Hi @<1523701205467926528:profile|AgitatedDove14> . I got Task.get_task to work by using the name passed in pipe. add_step but not with the task_name set in Task.init of the data_processing.py file. I want to understand if there's a better way than just passing task_name to parameter_override? If not, then can I understand why pipeline has to override task_name with the add_step name?
main.py
prefix='Args/'
pipe.add_step(
name="process_dataset",
base_task_project=project_name,
base_task_name="data_processing",
parameter_override={} #removed parameters for code clarity
)
src/data_processing/data_processing.py
task_name='data_processing'
task = Task.init(project_name=project_name,
task_name=task_name,task_type='data_processing')
#access the previous successful runs artifact
#this doesnt work when running as pipeline but works when run independently
previous_task = Task.get_task(
project_name=project_name,
task_name=task_name,
task_filter={'status': ['completed']})
#this works when running on pipeline
previous_task = Task.get_task(
project_name=project_name,
task_name="process_dataset", #use "process_dataset" name from pipe
task_filter={'status': ['completed']})
From what I understand while looking at the clearml UI is that pipelines don't exactly run under projects directly but under .pipeline
so it would look like MyProject/.pipelines/Pipeline Demo
.
Hi @<1631826770770530304:profile|GracefulHamster67>
if you want your current task:
task = Task.current_task()
if you need the pipeline Task from the pipeline component
pipeline = Task.get_task(Task.current_task().parent)
where are you trying to get the pipelines from? I'm not sure I understand the use case?
@<1523701205467926528:profile|AgitatedDove14> Thank you, ill try to do that !
Oh I see, try the following to get a list of all pipelines, then with the selected pipeline you can locate the component:
pipeline_project = Task.current_task().project
pipelines_ids = Task.query_tasks(task_filter=dict(
project=[pipeline_project],
type=["controller"],
system_tags=["pipeline"],
order_by=["-last_change"],
search_hidden=True,)
)
# take the second to the last updated one (becuase the last one is us)
pipeline_id = pipelines_ids[1]
# get all components, or select the one that is you based on name?
components_ids = Task.query_tasks(task_filter=dict(
project=[pipeline_project], parent=pipeline_id)
)
#
I might have some typos here., but it should generally work
is this code running inside the Task that is you data processing?

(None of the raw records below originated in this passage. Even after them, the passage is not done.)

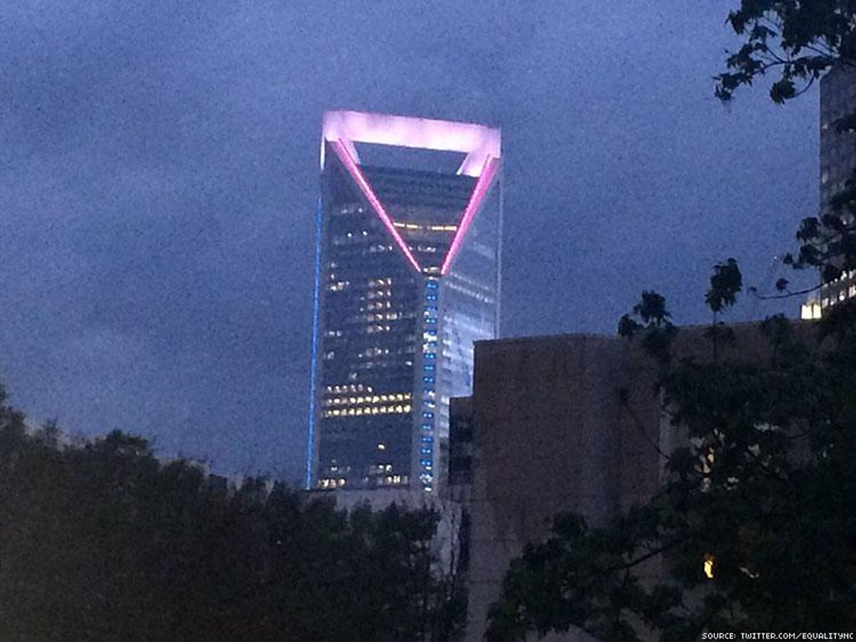 The bank lit the highrise in honor of International Transgender Day of Visibility, only a week after the governor of North Carolina signed House Bill 2, a law barring transgender people from accessing public facilities like bathrooms and locker rooms that correspond with their gender identity, and eliminating all LGBT-inclusive nondiscrimination ordinances in the state.
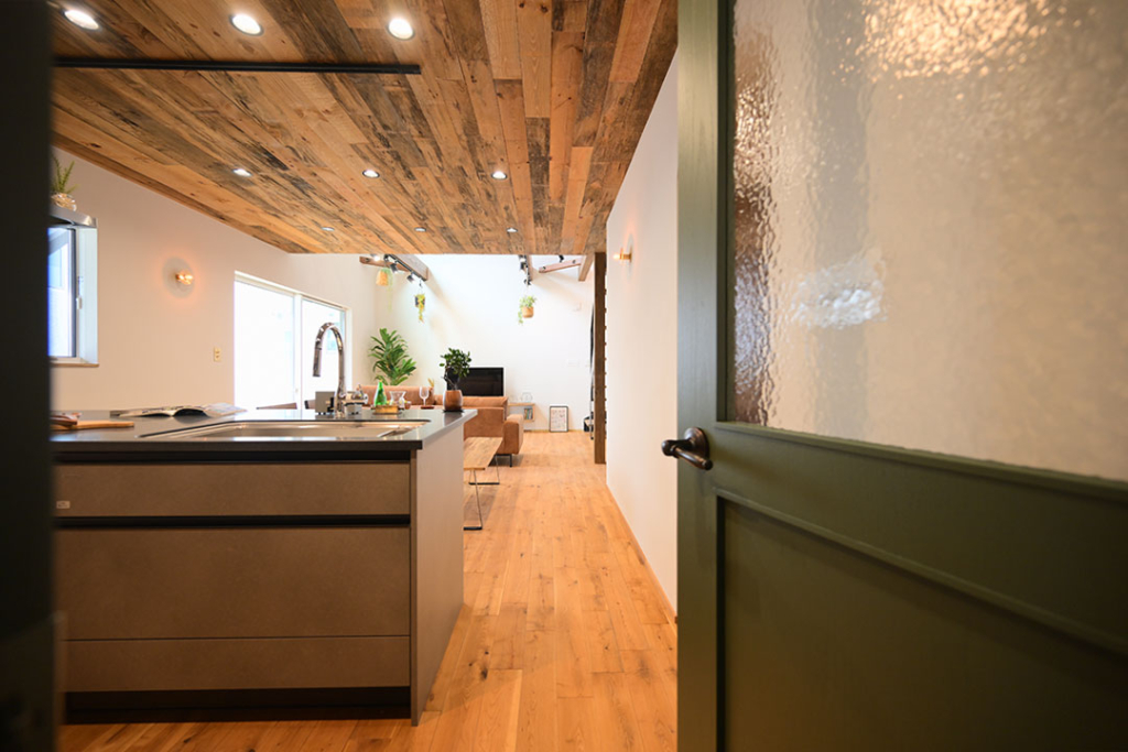 リビングの床は無垢のオーク材、天井は古風板を使用しています。
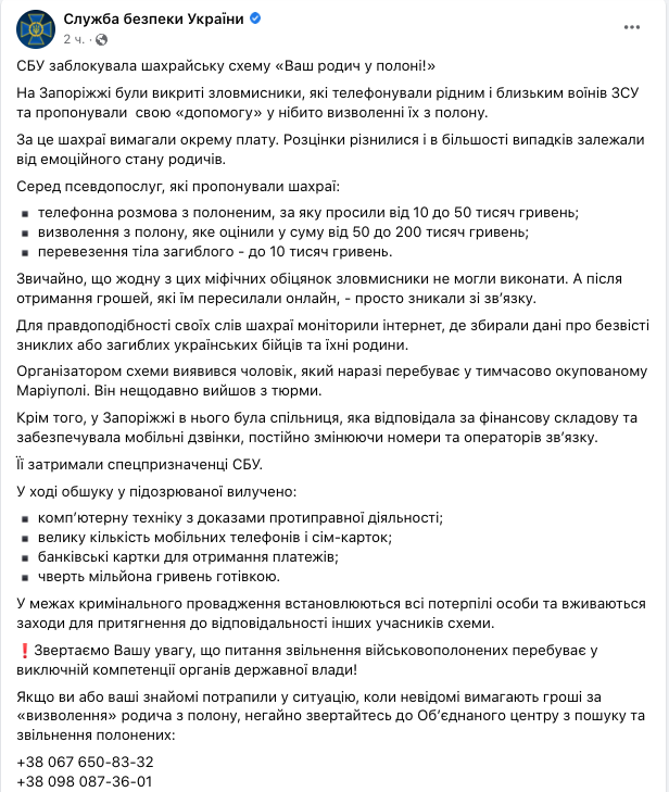 В Украине злоумышленники обманом выманивали деньги у родных и близких военнослужащих, рассказывая, что те попали в плен, и предлагая помощь за немаленькие деньги. СБУ задержала мошенников.
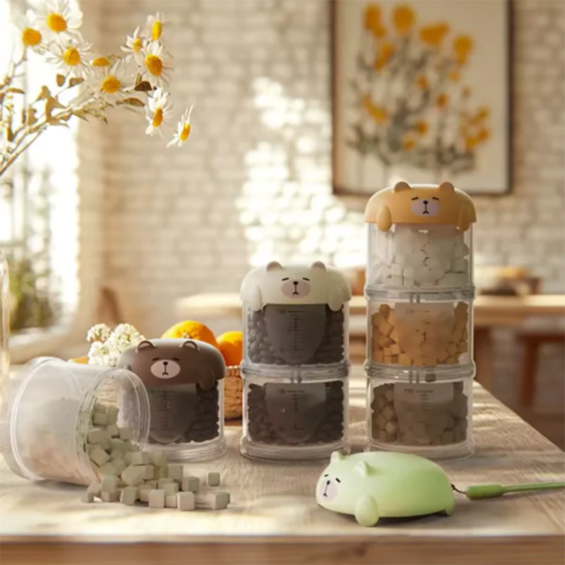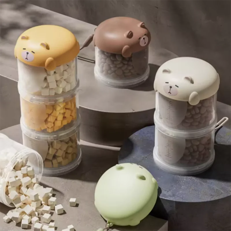 Caja de almacenamiento portátil de plástico multicapa a prueba de humedad para aperitivos para perros, caja de embalaje bonita extraíble de tres capas para alimentos para mascotas sellada

Assuming it does check this code, it will fetch the pipeline and then the task you need
previous_task = Task.get_task(
project=Task.current_task().project,
task_name="process_dataset", #use "process_dataset" name from pipe
task_filter={'status': ['completed']})
Notice using the current Tasks project and to make sure you are looking for a component running under the same pipeline
Hey there @<1523701205467926528:profile|AgitatedDove14> . So essentially i have a task called "data_processing" that I run in my pipeline. I just want to access old artifacts(dataframe) of my "data_processing" task inside my current "data_processing" task and append new rows to it on my current run and save the updated dataframe. This was not an issue when i run my task alone but when i run it as a pipeline it seems like its not finding old runs of the task.